3 Fun Hobbies You Can Still Do with Arthritis

Just because you have arthritis does not mean you have to stop participating in your favorite hobbies and activities. With a few easy modifications, you can continue enjoying your favorite pastimes without aggravating your arthritis symptoms.

1. Gardening

A fun and simple activity, gardening is a hobby with a multitude of benefits. You spend time outside in the fresh air, grow healthy produce for you and your loved ones to eat and make the world brighter by planting beautiful flowers. If you experience arthritis in your hands or knees, however, this once-enjoyable task can become a bit daunting. Kneeling down and trying to handle certain tools may cause pain and stress that takes the fun out this wonderful activity.

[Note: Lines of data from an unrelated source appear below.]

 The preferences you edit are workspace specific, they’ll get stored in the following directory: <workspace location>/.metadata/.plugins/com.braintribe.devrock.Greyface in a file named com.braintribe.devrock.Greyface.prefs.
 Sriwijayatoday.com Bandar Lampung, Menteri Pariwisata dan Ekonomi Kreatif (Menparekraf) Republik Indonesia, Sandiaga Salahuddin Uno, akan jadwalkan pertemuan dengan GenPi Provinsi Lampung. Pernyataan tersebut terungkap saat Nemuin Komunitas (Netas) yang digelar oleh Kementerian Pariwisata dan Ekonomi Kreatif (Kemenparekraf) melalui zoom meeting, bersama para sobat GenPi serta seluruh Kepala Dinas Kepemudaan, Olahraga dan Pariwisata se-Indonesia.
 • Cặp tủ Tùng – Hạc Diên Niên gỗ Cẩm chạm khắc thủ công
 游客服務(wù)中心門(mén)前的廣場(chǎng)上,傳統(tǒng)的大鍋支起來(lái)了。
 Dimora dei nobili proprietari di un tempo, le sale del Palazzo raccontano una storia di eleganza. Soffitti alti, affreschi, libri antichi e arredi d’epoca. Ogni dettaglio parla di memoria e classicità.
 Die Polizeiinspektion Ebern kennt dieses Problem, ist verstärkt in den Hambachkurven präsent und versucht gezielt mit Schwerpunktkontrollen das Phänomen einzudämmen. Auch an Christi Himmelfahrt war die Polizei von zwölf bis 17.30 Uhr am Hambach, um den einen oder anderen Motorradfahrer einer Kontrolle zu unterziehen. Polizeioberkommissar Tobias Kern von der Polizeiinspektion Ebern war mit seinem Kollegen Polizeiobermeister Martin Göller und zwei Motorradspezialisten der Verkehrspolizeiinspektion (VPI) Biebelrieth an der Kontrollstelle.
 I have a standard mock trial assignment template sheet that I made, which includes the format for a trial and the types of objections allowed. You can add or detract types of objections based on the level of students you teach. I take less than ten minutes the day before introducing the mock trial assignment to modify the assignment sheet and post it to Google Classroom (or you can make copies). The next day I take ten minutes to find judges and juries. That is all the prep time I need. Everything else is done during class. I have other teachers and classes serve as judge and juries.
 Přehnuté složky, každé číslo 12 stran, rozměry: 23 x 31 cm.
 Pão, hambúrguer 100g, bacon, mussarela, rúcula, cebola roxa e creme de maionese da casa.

The Athens News recommends that gardeners with arthritis choose plants that are low-maintenance, so that their upkeep does not become a burden. Additionally, purchase tools with larger grips - if you have arthritic hands, you will be able to hold onto these pieces more easily. Use raised garden beds to avoid routinely bending already aching knees, or try gardening using containers that you can place on your kitchen table or countertops.

2. Knitting, stitching and sewing

While it might seem unlikely, it is possible to continue your needlework passion while you deal with your arthritis. According to the Arthritis Foundation, you just need to look at the hobby like it is a sport - you should always warm up and try not to practice it for long periods of time so that you do not hurt yourself. In order to prepare for your hobby, the Arthritis Foundation suggests placing your hands in warm water to loosen and relax your joints.

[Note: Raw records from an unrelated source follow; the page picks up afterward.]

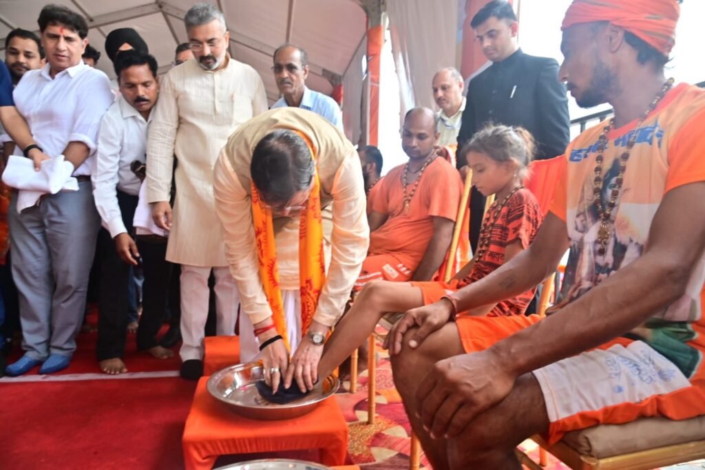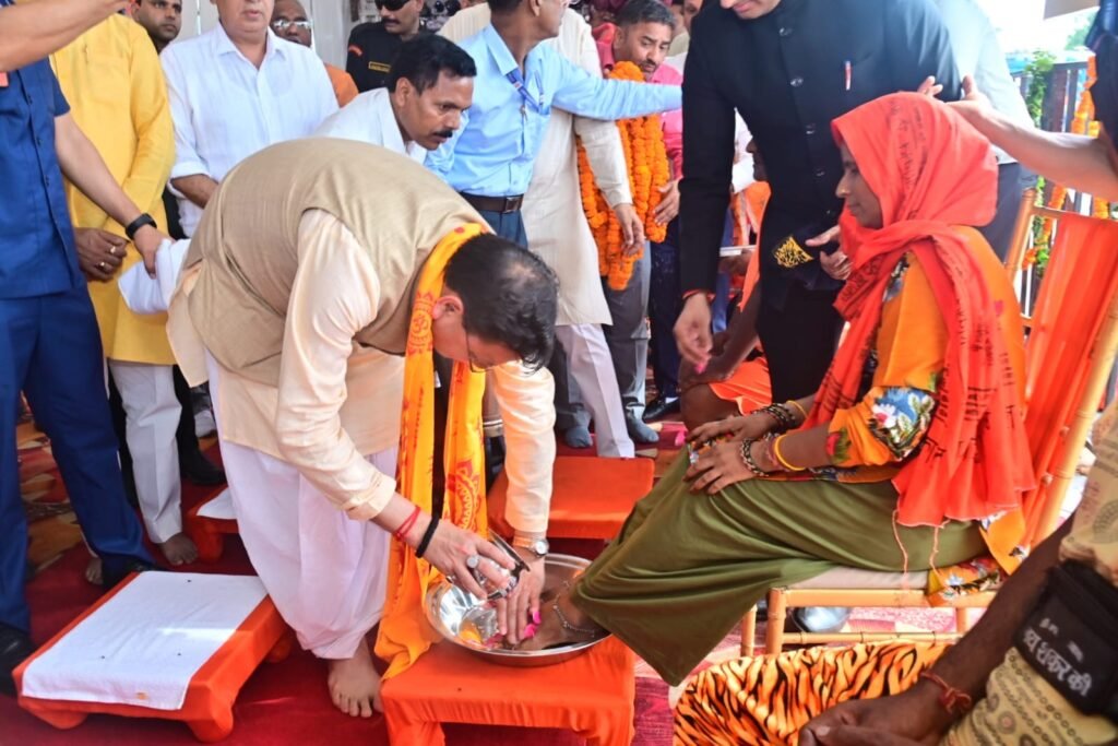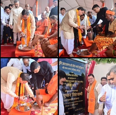 मुख्यमंत्री पुष्कर सिंह धामी ओम पुल में आयोजित कार्यक्रम में कावंडीयों के पांव धोकर (प्रक्षालन) कावंडीयों/शिव भक्तों का किया स्वागत किया।
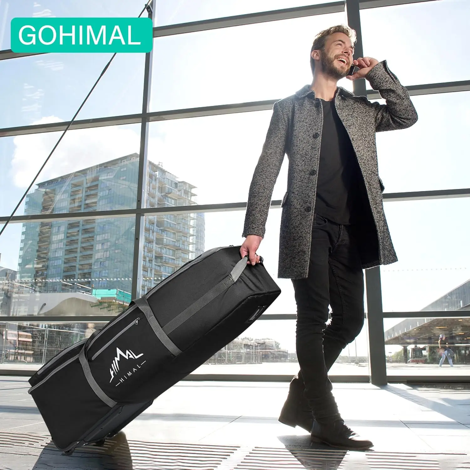 GoHimal Golf Travel Bag with Adjustable Support Rod, 900D Heavy Duty Oxford Fabric Golf Travel Case for Airlines with WheelsGoHimal Golf Travel Bag with Adjustable Support Rod, 900D Heavy Duty Oxford Fabric Golf Travel Case for Airlines with Wheels
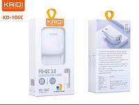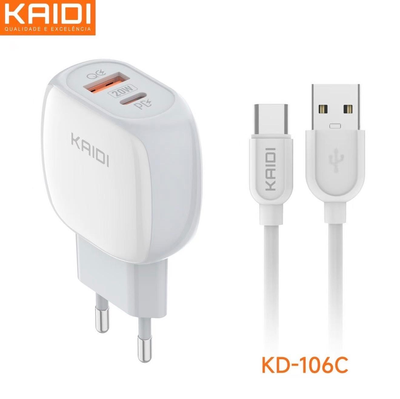 Carregador de Tomada 20W com cabo USB para Tipo C Turbo PD+QC3.0 KAIDI
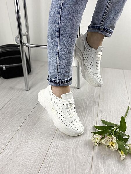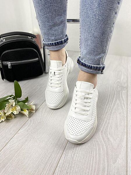 Кроссовки женские EMELI 914/4 ST белые перф. весна-осень натуральная кожа
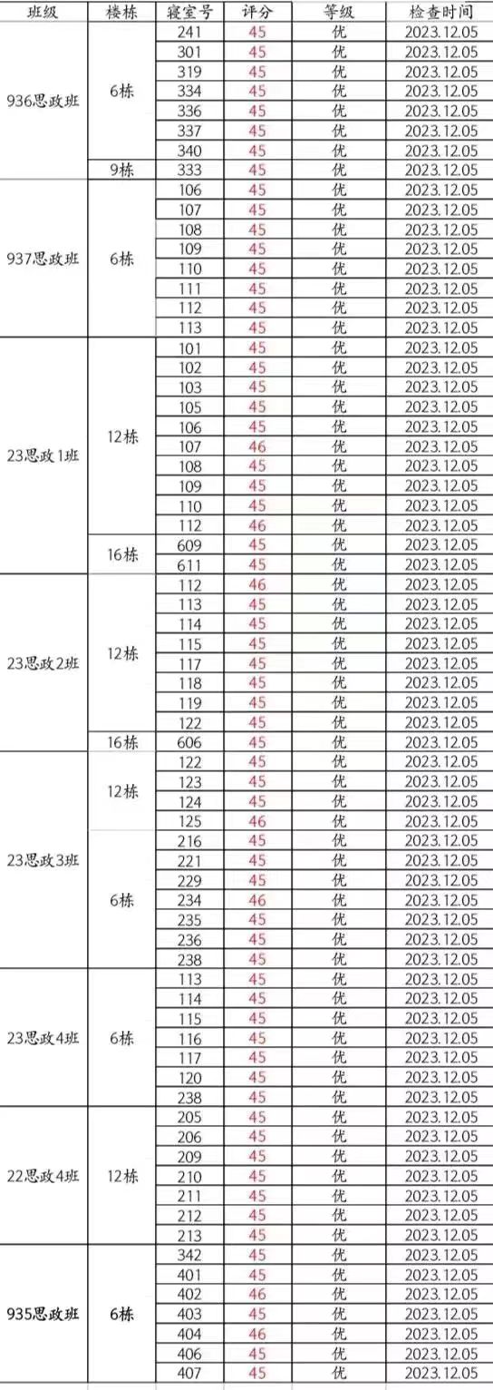 本周大检情况良好,但差寝数量较上周有所增加。其中857思政班16-137(丁嘉豪、周靖浩、符灿宇、田畅轩)、896思政班6-641(芦艺丹、陈萝玥、谭佳、雷奕林)、936思政班的6-329(陶淑颖、邝映羲)、6-339(何琳、孙诗琴、曹燕萍、龚紫鑫)与16-618(杨恩旭、刘锦洋、张汗泽、傅灏文)、937思政班6-105(姜添娇、刘媛、刘思思、杜佳仪)与16-616(张祺、余志纬、李鑫益、何佳旭)、23思政1班16-615(杨程、李书畅、陈国颖、全启航)等宿舍仍需继续努力。希望大家共同努力,建设文明美丽公寓!

Instead of heavy metal needles, use ones made from bamboo or birch when you knit. They are extremely lightweight materials and will put less stress on your fingers. You should also knit flat on a circular needle at all times - instead of resting on your sore wrists, the weight of whatever you’re knitting will fall on your lap. For cross-stitching, use thimbles made of leather or rubber for traction. Use embroidery hoops that have clamps so you can attach them to furniture, allowing you to relax your grip on the hoop and therefore saving your joints from some added stress.

3. Cooking and baking

This is a great hobby for people trying to manage their arthritis symptoms. Furthermore, it can be picked up at any age, so even if you have not spent too much time in the kitchen, it is not too late to start. Even if your condition prevents you from kneading dough or hand mixing something thoroughly, there are a plethora of new kitchen tools that can help you become a master chef.

According to The Athens News, food processors, stand mixers, bread machines and ergonomic spoons can help you get through even the toughest recipes. Starting a cooking hobby is not only a great way to pass the time, but it can benefit your health as well. Experiment with healthy recipes or update some of your favorite treats with more nutritious ingredients.